The implementation of max in Clojure core assumes that it's possible
to compare the things it is given and get consistent results.

clojure.core:
#
# (defn max
# "Returns the greatest of the nums."
# {:added "1.0"
# :inline-arities >1?
# :inline (nary-inline 'max)}
# ([x] x)
# ([x y] (. clojure.lang.Numbers (max x y)))
# ([x y & more]
# (reduce1 max (max x y) more)))

clojure.lang.Numbers:
#
# static public double max(double x, double y){
# if(x > y){
# return x;
# } else {
# return y;
# }
# }

This doesn't turn out to be the case with IEEE floating point numbers
because of the behavior of NaN, as mandated by the standard.

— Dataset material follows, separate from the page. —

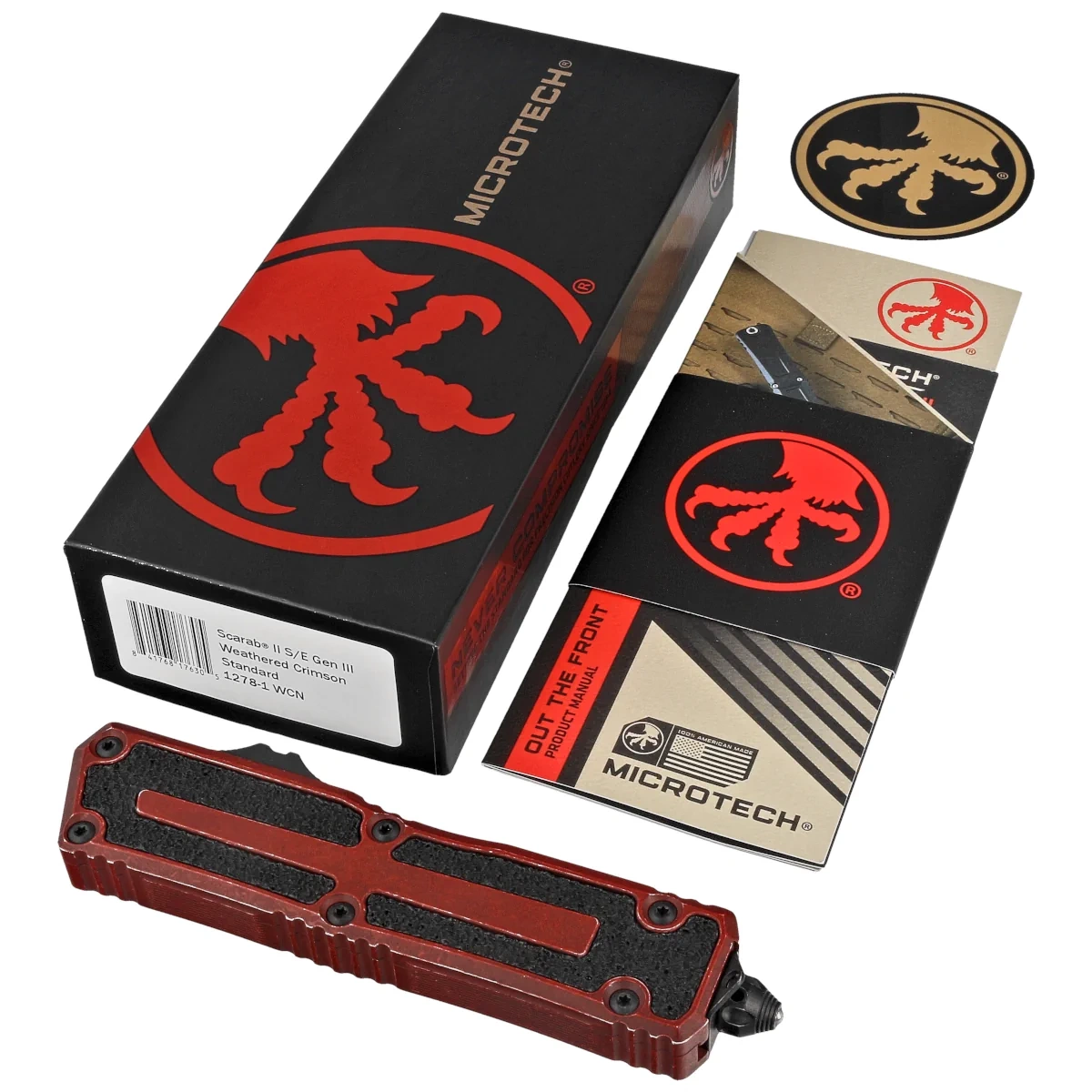 Scarab II Gen III S/E Weathered Crimson Aluminum, Crimson is the pinnacle of automatic tactical knife excellence, drawing inspiration from the original Microtech Ultratech design. Built to withstand the toughest conditions, the new Scarab II is the best choice for intensive use. Retaining the design features of its predecessor, it sets a new standard for OTF (Out The Front) technology.

For every number that is not NaN, the world works as we expect:

a < b && b < c implies a < c
a < b implies !(a >= b)
a < b implies b > a
a == b implies b == a

But, adding NaN to the mix changes all that. NaN is like a great big
black hole for truth. All of these are false:

(NaN == NaN)
(NaN < b)
(NaN >= b)
...

http://java.sun.com/docs/books/jls/third_edition/html/typesValues.html#4.2.4
#
# An operation that overflows produces a signed infinity, an operation
# that underflows produces a denormalized value or a signed zero, and an
# operation that has no mathematically definite result produces NaN. All
# numeric operations with NaN as an operand produce NaN as a result. As
# has already been described, NaN is unordered, so a numeric comparison
# operation involving one or two NaNs returns false and any !=
# comparison involving NaN returns true, including x!=x when x is NaN.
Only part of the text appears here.